Schrempf Mona
University of Westminster.
Asian Med (Leiden). 2015;10(1-2):273-315. doi: 10.1163/15734218-12341360.
Tibetan medicines are key material objects for medical treatment and have become part of a global trend of 'pharmaceuticalisation', playing increasingly important political and socio-economic roles in an 'alternative modernity'. As I argue in this paper, they also have become key 'sites of contestation' between different epistemic values and styles of practice related to efficacy and safety that are reproduced in and through specific formulation regimes. Based on my multisited ethnography of production, prescription, and use practices of Tibetan medicines in China and Europe, this paper conceptualises three distinct formulation regimes, offering a heuristic model for transnational comparison-a classical, an industrialised or reformulated, and a polyherbal regime. The first two are the major orientations while the polyherbal is a conjoint hybrid with either the classical or the industrialised formulation regime.
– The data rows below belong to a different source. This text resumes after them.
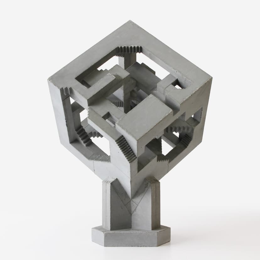 He concrete works of David Umemoto stand as studies about volume. At the juncture of sculpture and architecture, these miniature pieces evoke temporary buildings or monuments standing on far-away lands. The images conveyed in the mind by these works are numerous. They refer to the archaic and the ephemeral, despite the solidity and the modernity of the medium. Appearing before our eyes are pre- Columbian rock dwellings, god statues from the Andes or Easter Island, steles deteriorated by rain, remnants of modern cities having survived a cataclysm, fragments of Babylonian cities, colonial settlements brought down to their foundations, cenotaphs abandoned in the jungle…
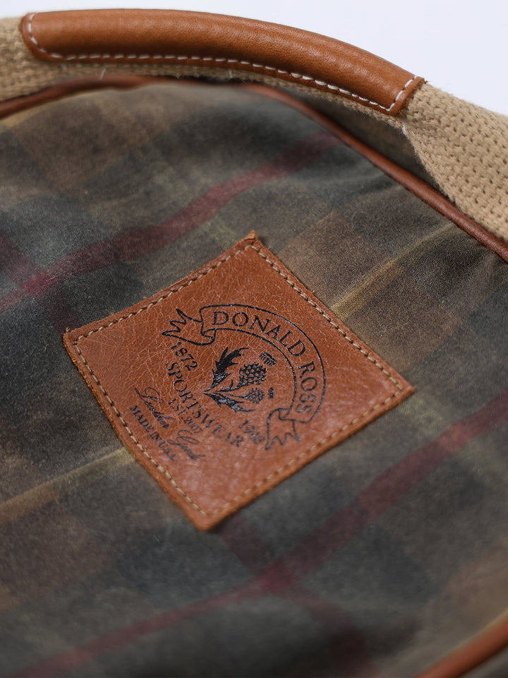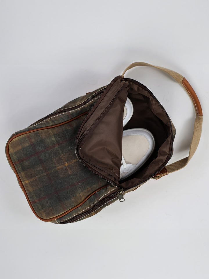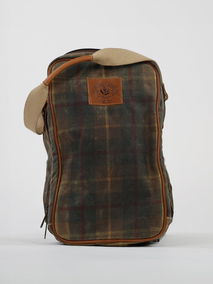 Keep your shoes neatly stowed in Donald Ross' limited edition Subtle Plaid Shoe Bag. This bag features a subtle plaid pattern in waxed canvas fabric with brown leather accents. The durable waxed canvas and stylish fabric pattern make this a one of a kind accessory to and from the course. This bad is one of one along with the coordinating duffel.
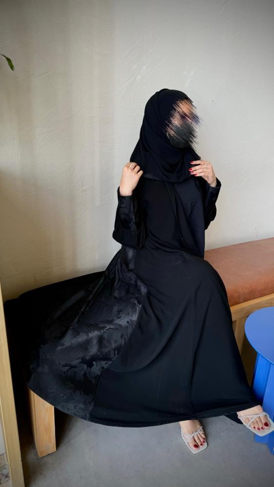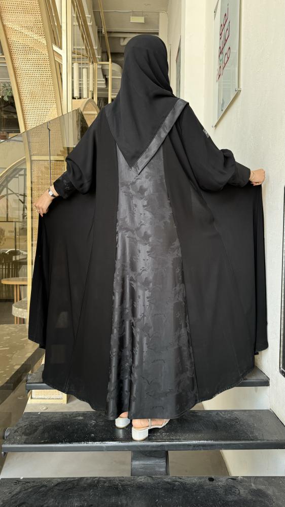 - التصميم: نص كلوش عبايه سادة مع قَصة ظهر طولية من الجاكار عالي الجودة.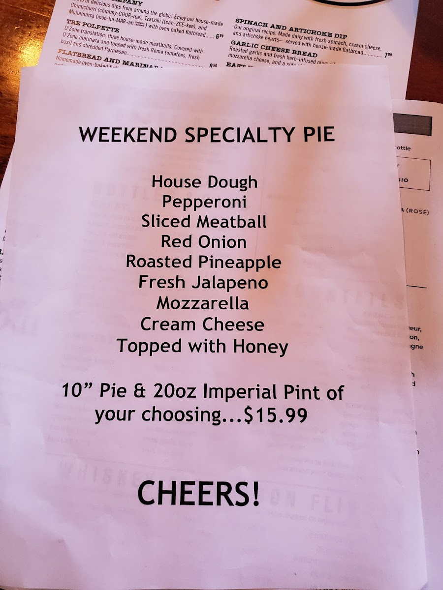 We top this pie with a cheddar cheese blend, sauce it with our special barbecue sauce, roasted chicken, bacon, green peppers, red onions, and drizzle it with honey. Try this pie with cream cheese and jalapeños ask your server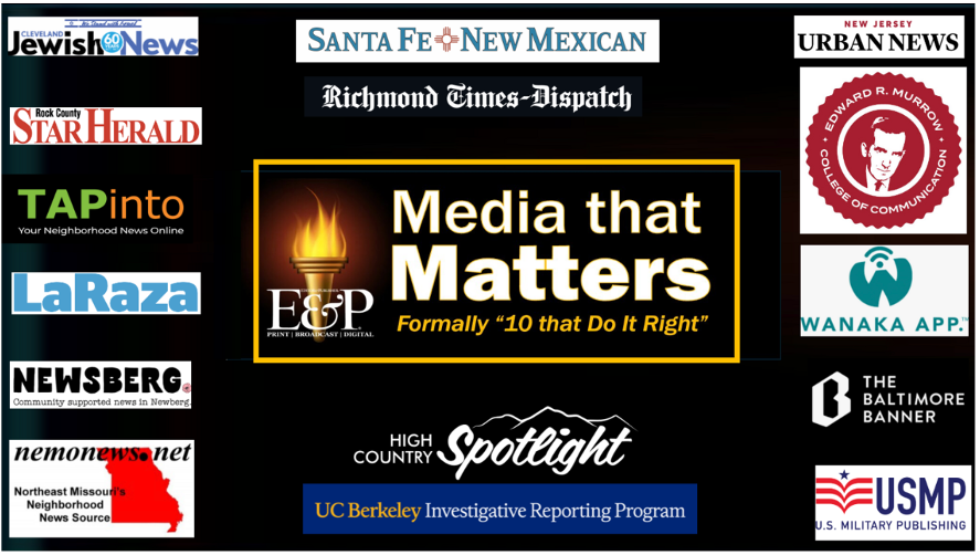 ➭ E&P premia a 15 medios que han sabido conectar con sus comunidadesLa revista estadounidense E&P premia cada año a medios de todo tipo y tamaño por la realización de proyectos que les hayan permitido conectar de manera exitosa con sus respectivas audiencias. Hasta el pasado año esta distinción se denominaba “10 That Do It Right”. Este año, ha cambiado a “Media That Matters”. E&P ha publicado el listado de los 15 proyectos seleccionados, que describe de manera detallada. La lista incluye una gran variedad de proyectos que tienen en común su capacidad de conectar con la audiencia y de fomentar el engagement. Así, hay proyectos de tecnología, investigaciones periodísticas, eventos, newsletters, podcasts, colaboraciones o técnicas de engagement con la audiencia. Además, a todos los medios se les pregunta qué consejos ofrecerían a otros medios que quieran aumentar su relevancia e impacto entre las comunidades a las que dan servicio. Los medios premiados este año son los siguientes (un par de medios no están disponibles para ser consultados desde Europa por motivos legales):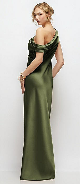 Asymmetrical Off-the-Shoulder Pleated Satin Maxi Dress in olive green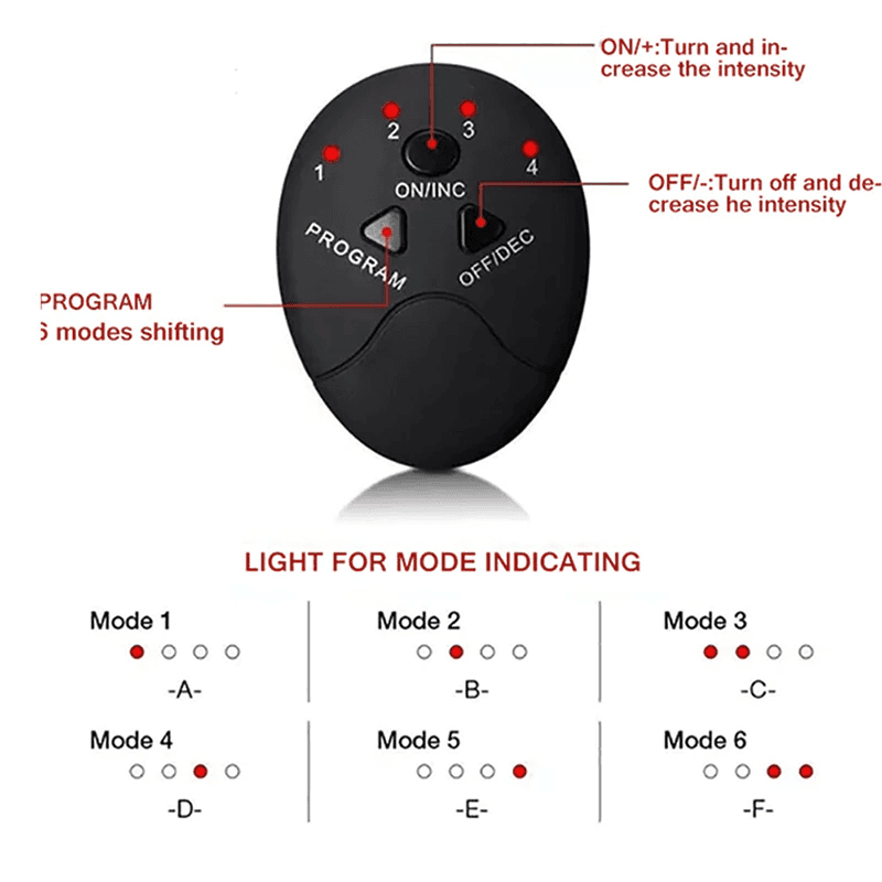 One button control to start professional training, 2 select modes, 15 intensity levels, 25 minutes of automatic operation as a session and quiet, no noise

Globalised national drug safety regulations legalise and confer legitimacy to industrialised Tibetan formulas that follow biomedically defined efficacy, safety, and disease categories, while classical formulas produced by private physicians or small-scale cottage pharmacies are increasingly marginalised as producing 'unsafe' and at times illegal medicines, and need to find new ways for adapting and circulating their formulas.
藏药是医疗的关键物质对象,并已成为“医药化”全球趋势的一部分,在“另类现代性”中发挥着越来越重要的政治和社会经济作用。正如我在本文中所论证的,它们也已成为不同认知价值观和与疗效及安全性相关的实践方式之间关键的“争议场所”,这些价值观和实践方式在特定的配方体系中得以重现并通过该体系得以传播。基于我对中国和欧洲藏药生产、配方及使用实践的多地点民族志研究,本文概念化了三种不同的配方体系,提供了一个用于跨国比较的启发式模型——一种经典配方体系、一种工业化或重新配方的体系以及一种多草药配方体系。前两种是主要方向,而多草药配方体系是与经典或工业化配方体系相结合的混合体。全球化的国家药品安全法规使遵循生物医学定义的疗效、安全性和疾病分类的工业化藏药配方合法化并赋予其合法性,而由私人医生或小规模家庭药房生产的经典配方则因生产“不安全”且有时非法的药品而日益被边缘化,需要寻找新的方式来调整和传播其配方。